Biocarburanti: in 10 anni potrebbero alimentare 50% auto

04/07/2008 - e2net

    PERUGIA (Reuters) – Sostituendo la benzina e il diesel con biodiesel e bioetanolo ottenuti dalla filiera ligno-cellulosica, nell’arco di una decina d’anni l’Italia potrebbe produrre dal 30 al 50% del fabbisogno di carburante per il trasporto su gomma, con una forte competizione sul prezzo e nessun impatto sulla filiera alimentare. E’ quanto sostiene il Centro nazionale di ricerca sulle biomasse dell’università di Perugia (Crb) nella sua proposta per il Documento propedeutico al piano nazionale dei biocarburanti e delle biomasse agroforestali per uso energetico del ministero delle Politiche Agricole.

    Lo spiega a Reuters il professor Franco Cotana, direttore del centro e ordinario di Fisica tecnica industriale alla facoltà di Ingegneria.

    Secondo i dati del Crb, se sostenuto da un’opportuna pianificazione nazionale il piano “può determinare una produzione di circa 17 milioni di tonnellate l’anno di biocarburanti, attraverso un investimento nazionale pari a circa 500 milioni di euro, per la realizzazione di 35 impianti, con tempi di ammortamento dei costi degli impianti di circa cinque anni”, spiega Cotana.

    A dimostrazione del fatto che “non si tratta di fantascienza, si può prendere ad esempio il modello di Freiberg, una cittadina vicino Dresda, ovvero il primo impianto di biodiesel al mondo che produce 18 milioni di litri l’anno di biodiesel ed è costato 70 milioni di euro”, continua il professore.

    Come applicare in Italia un modello del genere?

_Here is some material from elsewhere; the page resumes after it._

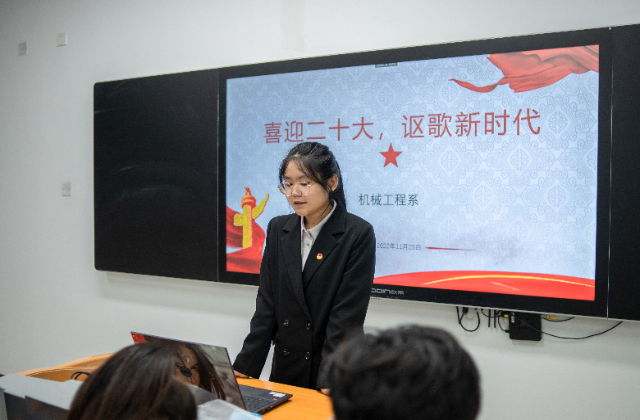 米兰官方网页版机械工程系团总支于11月23日晚开展信仰公开课——新思想公开课,主题为“喜迎二十大 讴歌新时代”。机械工程系团总支全体成员及2022级班长共同参与学习。本次团课有团总支副书记王可仪主讲。
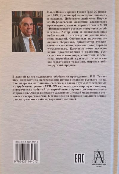 В книге историка, писателя и культуролога П.В. Тулаева содержатся обобщения его многолетних исследований истоков славяно-русского мира. Рассматривая летописные сведения, а также труды отечественных и зарубежных ученых XVI1-ХХ вв.. автор дает широкую панораму исторических событий от первобытных времен до монгольского вторжения. В научно-популярной манере рассказывается о прародинах индоевропейцев, дунайской колыбели славян, древних народах Евразии и варварах — соперниках Римской империи. Интересные выводы содержатся в разделах о венетах, вандалах, балтийской Славии, происхождении Руси и ее имени. Особое внимание уделено языческой мифологии и становлению христианства. С точки зрения современной лингвистики рассматриваются тайны старинных надписей.

Secondo Cotana “basterebbe coltivare i circa tre milioni di ettari di terreni abbandonati e riconvertire i poli industriali chimici”.

    Insomma, recuperando paglia, ramaglie, cippato di legno, potature, residui della lavorazione del legno e colture come la robinia pseudoacacia — una pianta infestante — secondo il Crb si potrebbero ottenere doversi risultati: “Carburanti a prezzi competitivi (il biocarburante di seconda generazione si potrebbe vendere ad 1 euro al litro), bassi costi e poco dispendio di energia per la produzione, nessuna riduzione di terreni destinati all’agricoltura tradizionale, efficienza di una filiera tutta nazionale e rispetto ambientale”.

    NESSUNA INTERFERENZA CON IL SETTORE ALIMENTARE

    Un simile processo, secondo Cotana, non entrerebbe in competizione con la filiera alimentare.

    “Quando si parla di biocarburanti c’è il rischio di ribaltare la realtà, sostenendo che le colture utilizzate a tale scopo sottraggano risorse al settore alimentare”, spiega Cotana.

    Occorre “smentire l’equazione ‘biocarburanti uguale fame’, che vorrebbe imputare alle colture dedicate alle biomasse la responsabilità di affamare il mondo. E’ successo alla recente conferenza della Fao a Roma, come hanno riportato autorevoli media”.

    Cotana spiega che bisogna distinguere i biocarburanti di prima generazione — il bioetanolo ricavato dai cereali e il biodiesel da olii vegetali — da quelli di seconda generazione, che invece sono ricavati soltanto dalla filiera ligno-cellulosica, utilizzando potature, scarti legnosi o forestali e colture su terreni marginali e abbandonati.

    I biocarburanti di prima generazione sono criticabili in quanto è calcolato che il rendimento ottenuto non è sufficiente a considerarli convenienti. I biocarburanti di seconda generazione invece — quelli proposti dal Crb — “rendono molto di più, determinando effetti positivi sia a livello economico che ambientale”, conclude Cotana.